Below, find the line containing "ワンダースリー岡崎北店より営業時間変更のお知らせです。" and the line containing "27橙皮 1金皮 7紫皮"; reproduce exactly those two and every line between them, omitting pictures.

Source records Start Marker

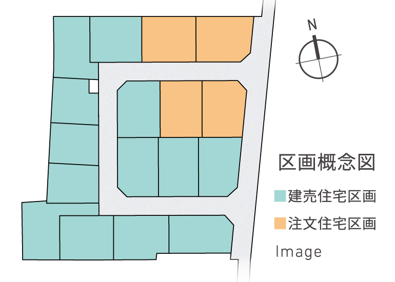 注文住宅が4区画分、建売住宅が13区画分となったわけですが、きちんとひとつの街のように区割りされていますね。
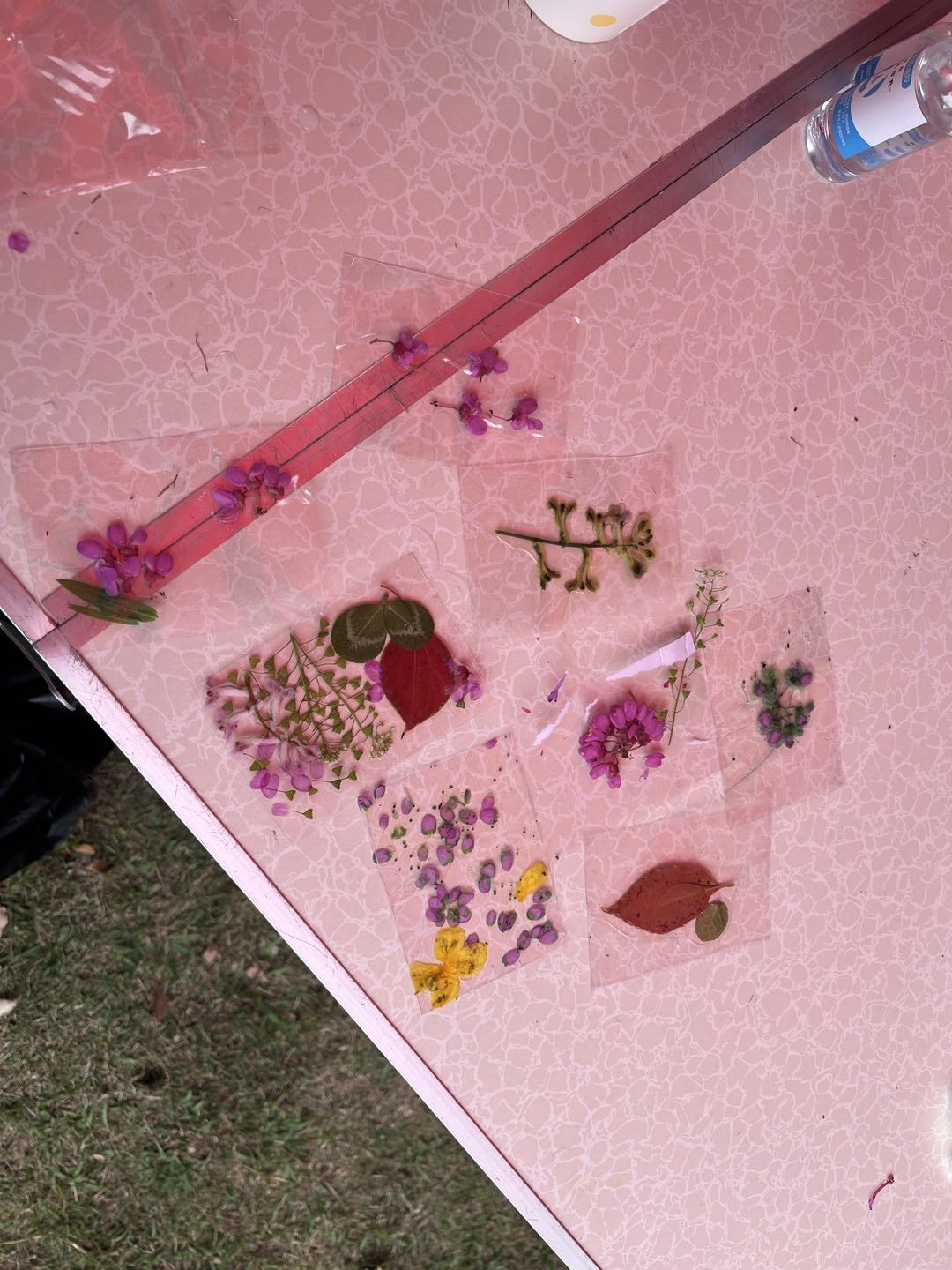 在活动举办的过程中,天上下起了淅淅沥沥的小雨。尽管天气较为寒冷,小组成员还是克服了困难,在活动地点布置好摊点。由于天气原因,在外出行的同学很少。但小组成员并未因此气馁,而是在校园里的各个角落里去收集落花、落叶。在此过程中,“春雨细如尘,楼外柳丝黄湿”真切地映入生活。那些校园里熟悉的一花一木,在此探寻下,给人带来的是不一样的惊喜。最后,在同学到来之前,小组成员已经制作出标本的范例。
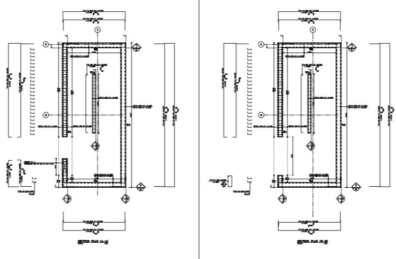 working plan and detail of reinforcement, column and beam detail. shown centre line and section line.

Source records End Marker
Source records Start Marker

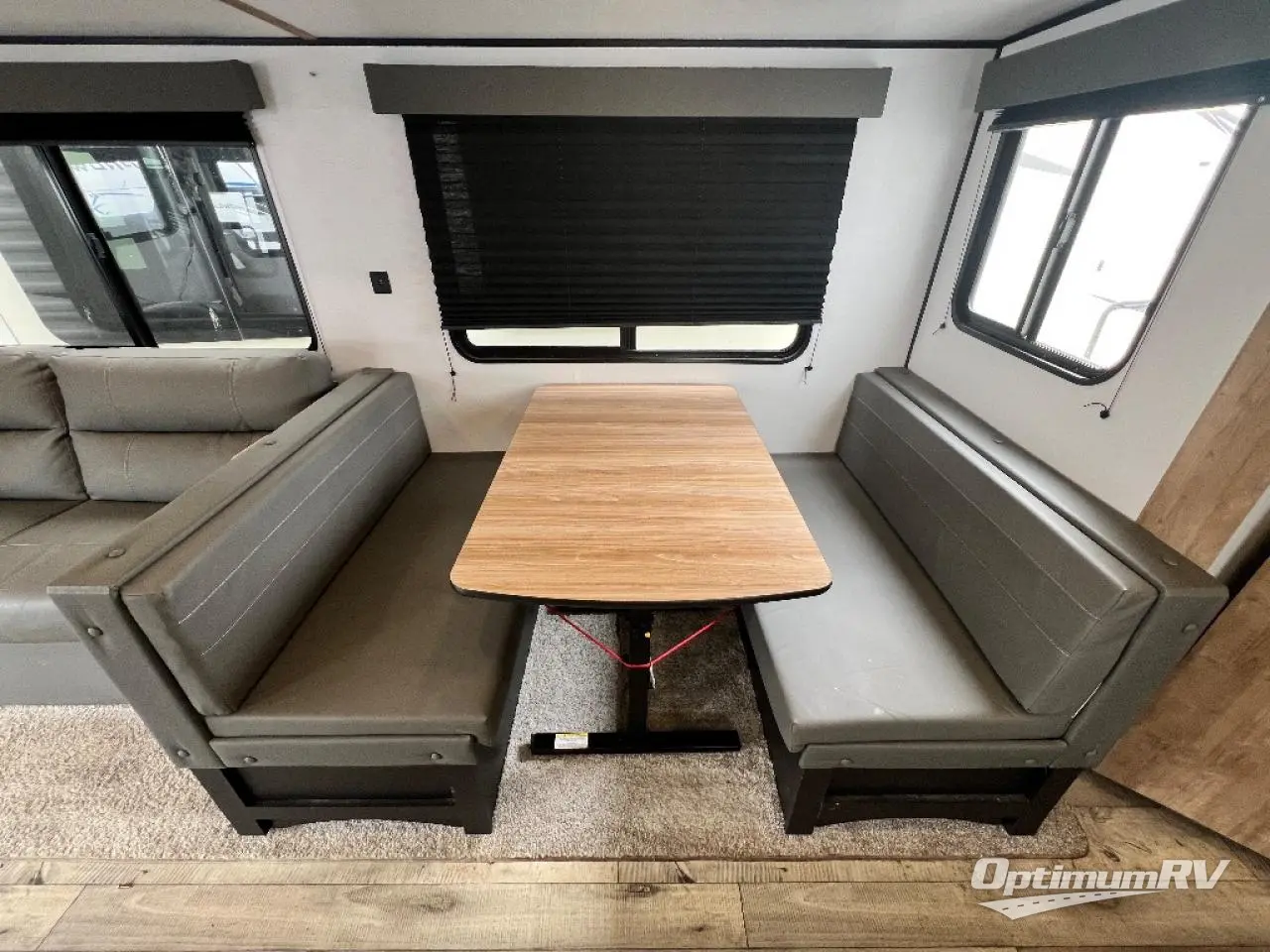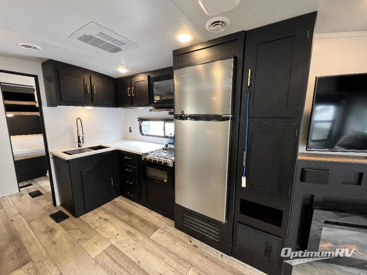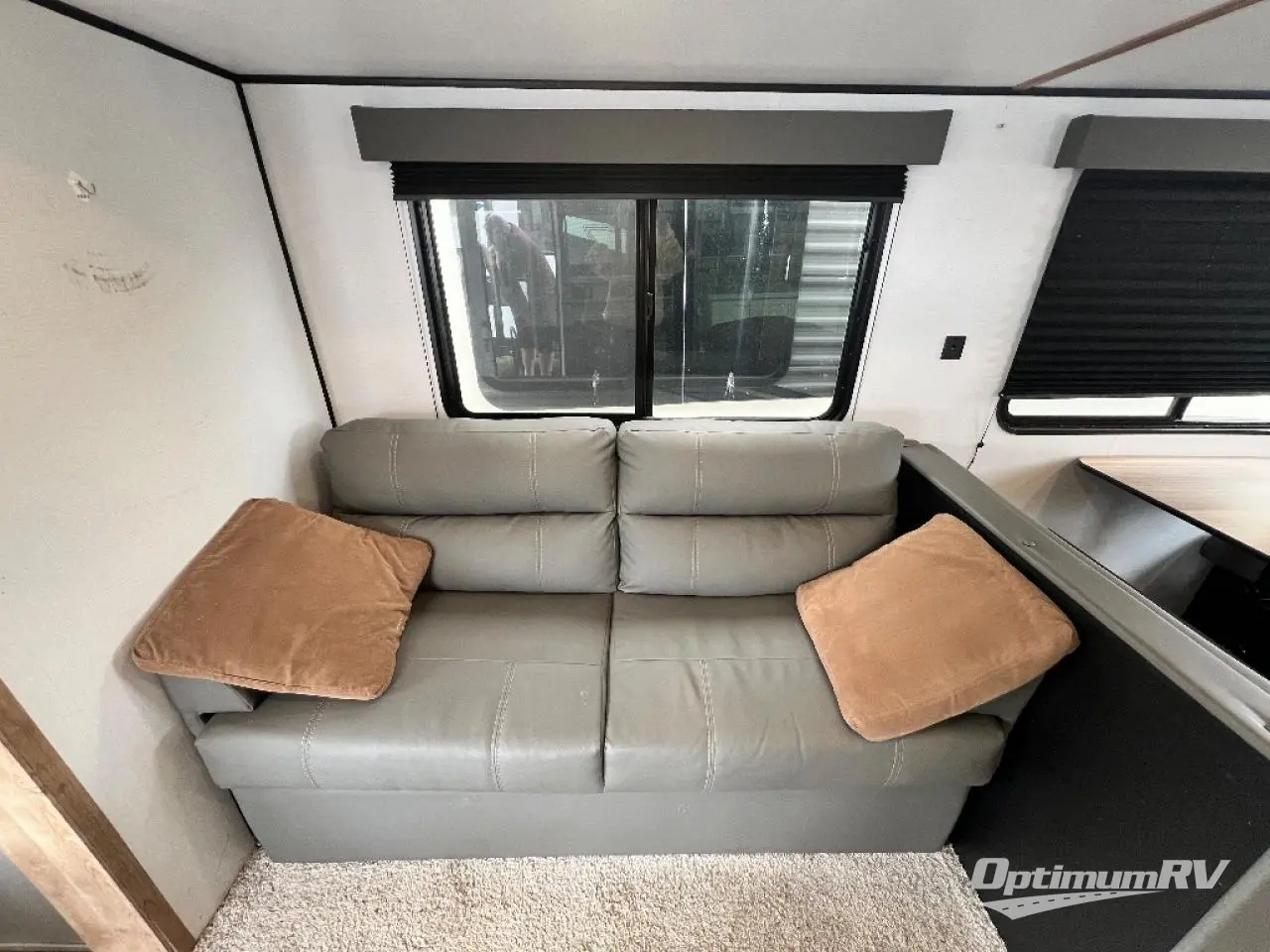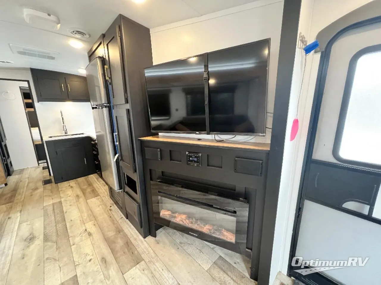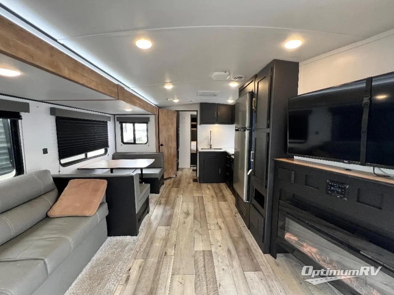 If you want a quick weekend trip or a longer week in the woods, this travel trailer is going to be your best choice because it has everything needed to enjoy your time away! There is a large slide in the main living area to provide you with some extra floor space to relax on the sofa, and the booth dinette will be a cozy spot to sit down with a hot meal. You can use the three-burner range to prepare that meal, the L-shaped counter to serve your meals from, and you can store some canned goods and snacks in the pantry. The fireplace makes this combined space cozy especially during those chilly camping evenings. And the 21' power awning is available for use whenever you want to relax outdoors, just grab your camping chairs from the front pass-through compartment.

Source records End Marker
Source records Start Marker

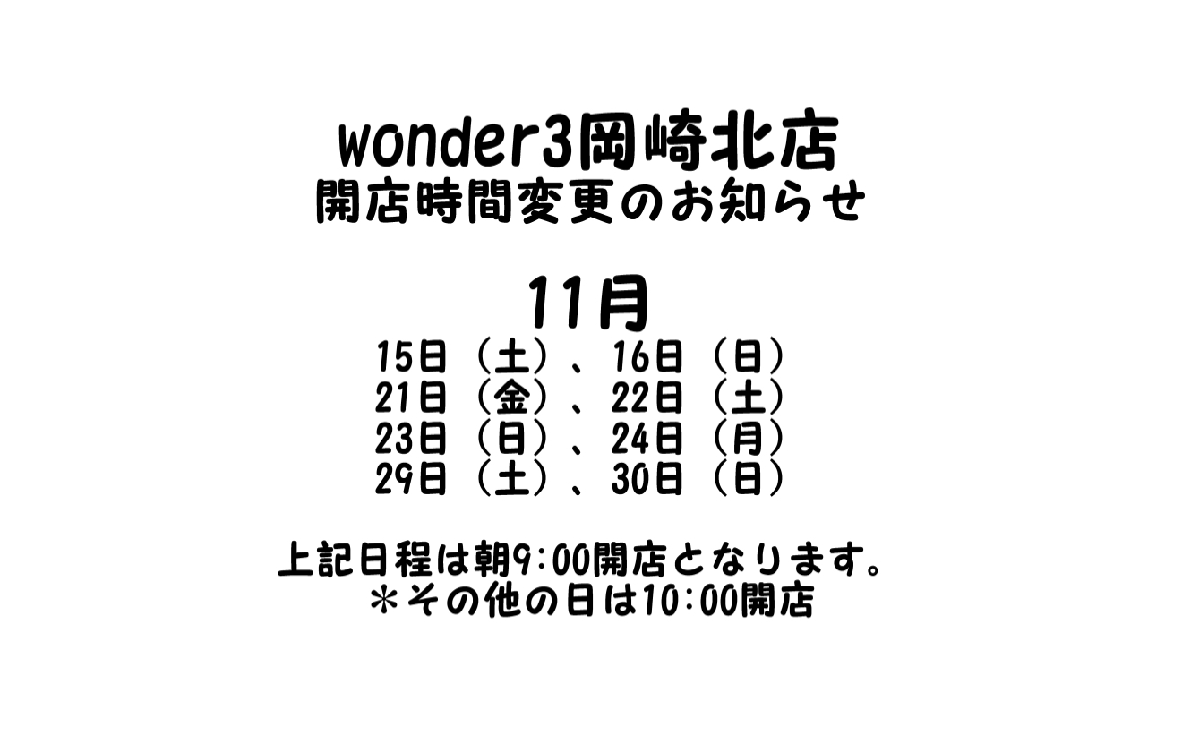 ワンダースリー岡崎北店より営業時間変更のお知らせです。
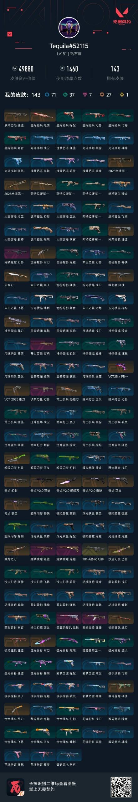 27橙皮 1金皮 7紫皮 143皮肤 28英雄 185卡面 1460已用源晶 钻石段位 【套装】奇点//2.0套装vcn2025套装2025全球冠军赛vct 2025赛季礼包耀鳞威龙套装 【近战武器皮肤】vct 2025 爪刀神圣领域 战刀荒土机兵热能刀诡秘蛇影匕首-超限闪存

Source records End Marker

_Result_:
 ワンダースリー岡崎北店より営業時間変更のお知らせです。
 27橙皮 1金皮 7紫皮 143皮肤 28英雄 185卡面 1460已用源晶 钻石段位 【套装】奇点//2.0套装vcn2025套装2025全球冠军赛vct 2025赛季礼包耀鳞威龙套装 【近战武器皮肤】vct 2025 爪刀神圣领域 战刀荒土机兵热能刀诡秘蛇影匕首-超限闪存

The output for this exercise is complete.